Orion was fired into orbit from Cape Canaveral in Florida, US, by a heavy-lift triple-booster rocket at 12.05pm UK time.

Controllers reported that the launch, postponed from yesterday after a series of mishaps, went without a hitch.

The mission is the first since the Apollo moon landings half a century ago to take a spacecraft built for manned flight into deep space.

During its 4.5-hour flight Orion will travel 3,609 miles from Earth, 15 times the distance to the International Space Station.

Nasa hopes to use Orion to put astronauts back on the moon by 2020 and take them to Mars in the 2030s. A midway mission to an asteroid is also on the cards.

As the rocket roared into orbit, cameras streamed video showing dramatic pictures of the two side boosters falling away and the curved edge of the Earth.

Just three minutes into the launch, the spacecraft was already travelling at five times the speed of sound.

A major milestone was passed smoothly when the first and second stages separated.

At the end of the flight the capsule, that on future flights will contain a four-man crew, will re-enter the atmosphere at 20,000mph and splash down into the Pacific ocean off Baja California.

Re-entry will be a critical time in the test flight as the temperature of Orion’s heat shield rises to around 2,000C.

Orion is due to circle the Earth twice on its short test flight.

Earlier, programme manager Mark Geyer said: “We’re going to test the riskiest parts of the mission. Ascent, entry and things like fairing separations, Launch Abort System jettison, the parachute, plus the navigation and guidance – all those things are going to be tested.

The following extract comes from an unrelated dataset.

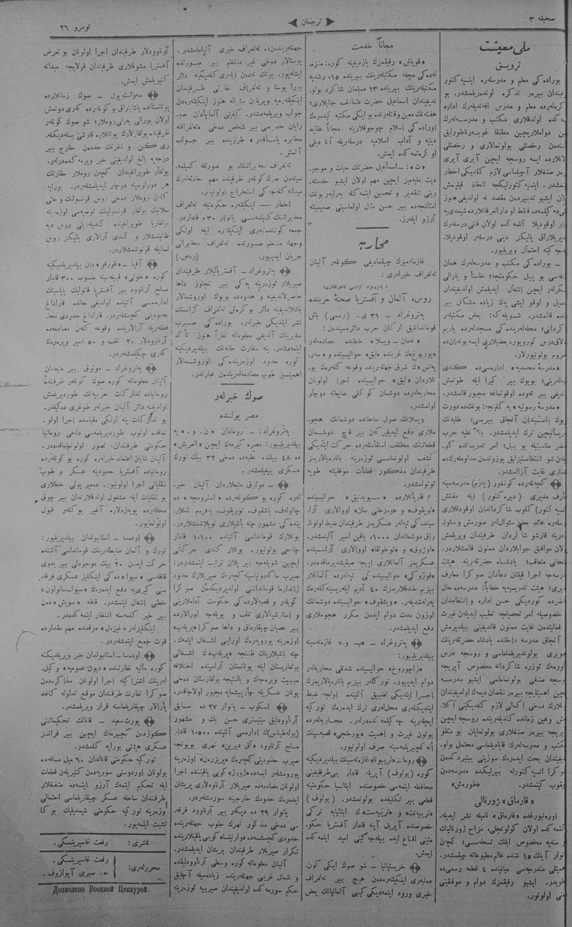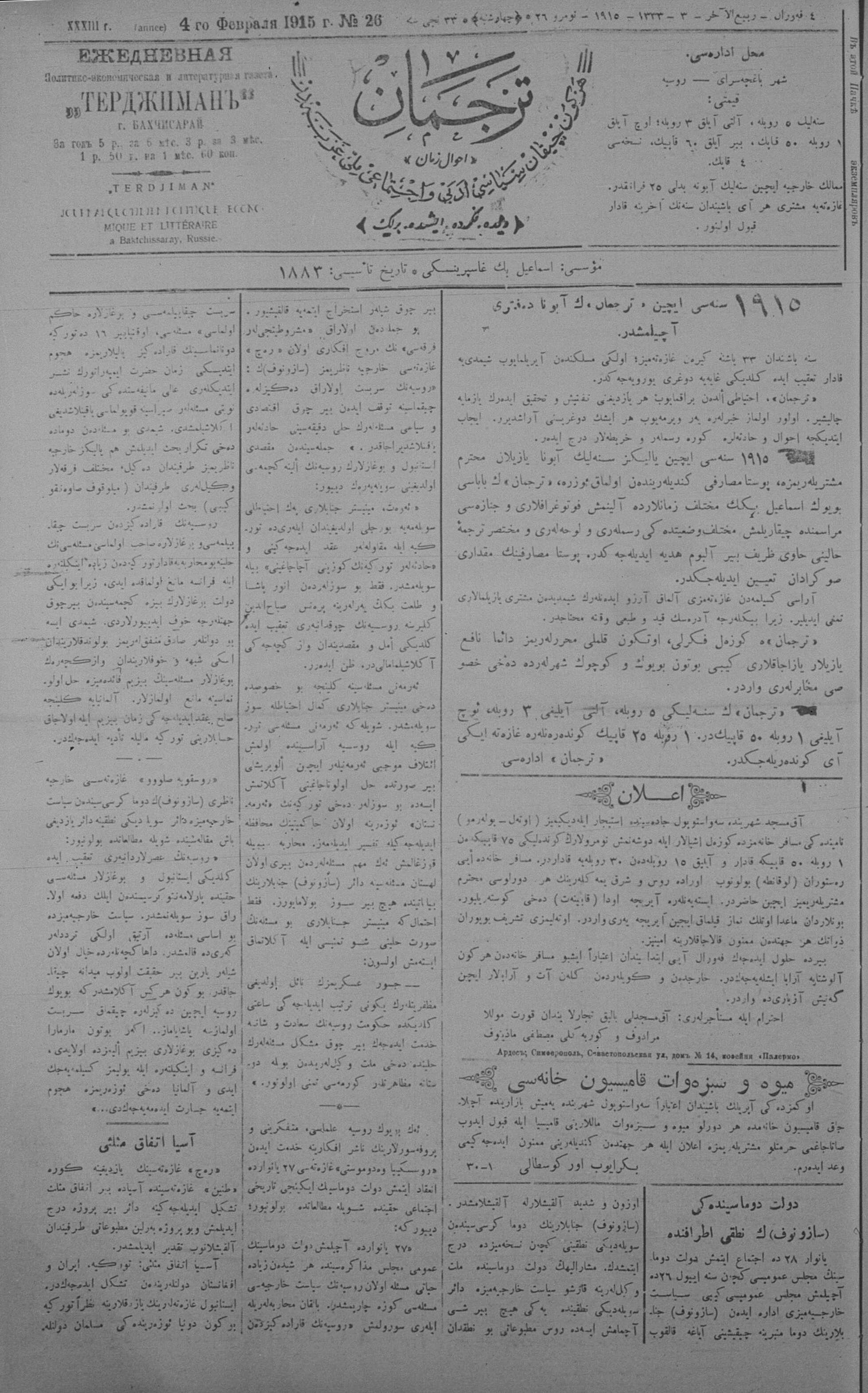 Tercüman, 04 February 1915 Year 33 No 26

“Plus, we’ll fly into deep space and test the radiation effects on those systems.”

The rocket that launched Orion from Cape Canaveral Air Force Station was the largest currently in service in the US, a Delta IV Heavy.

At lift off, its three RS-68 engines together produced about two million pounds of thrust.

Orion bears a striking resemblance to the Apollo command module that carried Neil Armstrong to the moon in 1969.

But appearances are deceptive. The new spacecraft bristles with technology that was unheard of in Neil Armstrong’s time, including touch-screen controls instead of physical switches.

Unlike the Apollo module, which carried three astronauts, Orion is designed for a crew of four.

Measuring 16.5 feet across, it is larger than Apollo, which had a diameter of 12.8 feet.

An estimated 27,000 guests invited by the American space agency Nasa witnessed the launch, according to the Associated Press news agency.

The atmosphere at Cape Canaveral’s Kennedy Space Centre was said to be reminiscent of the space shuttle days.

The last space shuttle flew more than three years ago.